Good looks can get you everywhere in the music industry. But good looks and talent will take you further. Noir-natured Scots Sons and Daughters prove they have both with their debut album, ‘This Gift’. Producing skin tight indie rock, oozing good tunes and sex appeal in equal doses, this is garage rock that’s so clean and pristine it must shower 3 times a day. Its straight-up guitar parts, vampy harmonies and powerful acidic vocals make ‘This Gift’ easy to instantly revel in yet has enough draw to keep you coming back for more.
It’s a combination of influence and musical prowess that keeps ‘This Gift’ from being just another garage rock record. The rogue jangle of 60’s London of ‘The Nest’, the 50’s rock and roll bop of ‘Chains’, and ‘Iodine’ inhabiting the same arena as The Pixies, Sons and Daughters used variation in their punchy songs successfully, avoiding the repetitive rut that has taken down bands in the past.
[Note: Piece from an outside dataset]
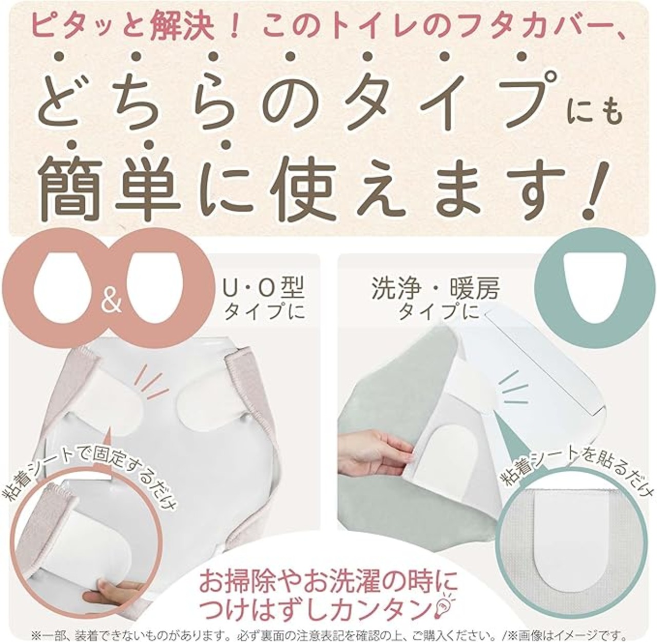 裏面に縫製された粘着シートにより、洗浄・暖房用/U・O型、どの型にも対応できます。

In addition the band seemed blessed with the skill of writing of the catchy hook. From the primal sexiness of the call-and-reply cries of male and female vocals on title track ‘This Gift’ to the warped guitar riff that drives right through ‘Darling’, each songs nails the listener right between the eyes with a straight to the point rock solid action
Above all though, ‘This Gift’ is great for its sense of everything in it’s right place and with the right balance. And it’s in this order that Sons and Daughers gain their powers to equally frustrate and tantalise. Just when you think vocalist Adele Bethel is about to hit her most seductive whisper or her most bile-spewing wail, she’ll hold back, leaving the listener the listener-victim stuck in a state of teased and tense readiness. Drums, bass and guitar too flirt with virtuosos styling, but keep their mark for the good of the whole. As the album plays out its game of aural foreplay, you can’t help but get the impression that Sons and Daughters are a tight-knit, professional outfit. This is no fly by night release –this band want to go the distance.
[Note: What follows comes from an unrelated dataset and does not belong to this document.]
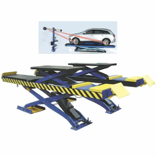 Cầu nâng cắt kéo kiểm tra góc đặt bánh xe 5.5 tấn, lắp chìm, có bàn nâng phụ (3 pha , màu xanh RAL 3166, chưa gồm đĩa lái).
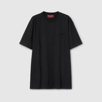 Crystal embellishment is featured in attires that glow from day to night, revisiting signature motifs such as the GG pattern and Horsebit motif. Crafted from black medium cotton jersey, this T-shirt is defined by a Horsebit embroidery embellished with beads. - Black medium cotton jersey - Horsebit embroidery with beads - Crewneck - Short sleeves - Regular fit - Length: 28.1" - Made in Italy

If there’s one criticism, it’s with opener ‘Gilt Complex’. The band’s first single, it’s a speedy repetitious number that sits on your brain like an aneurysm. Yet in comparison with the other tracks it’s a slightly crass, lacking the same level of intrigue as the album as a whole. Though it’s no real disaster, as the first track on the album it is arguably a step in the wrong direction. Luckily by the end of the 12 track on ‘The Gift’ it’s a fault easily forgotten.
Being the flavour of one month can often mean your straight out the door and forgotten the next in the current state of musical affairs. With Sons and Daughters however it would seem the muso world has actually found something quite tasty to sink your teeth into.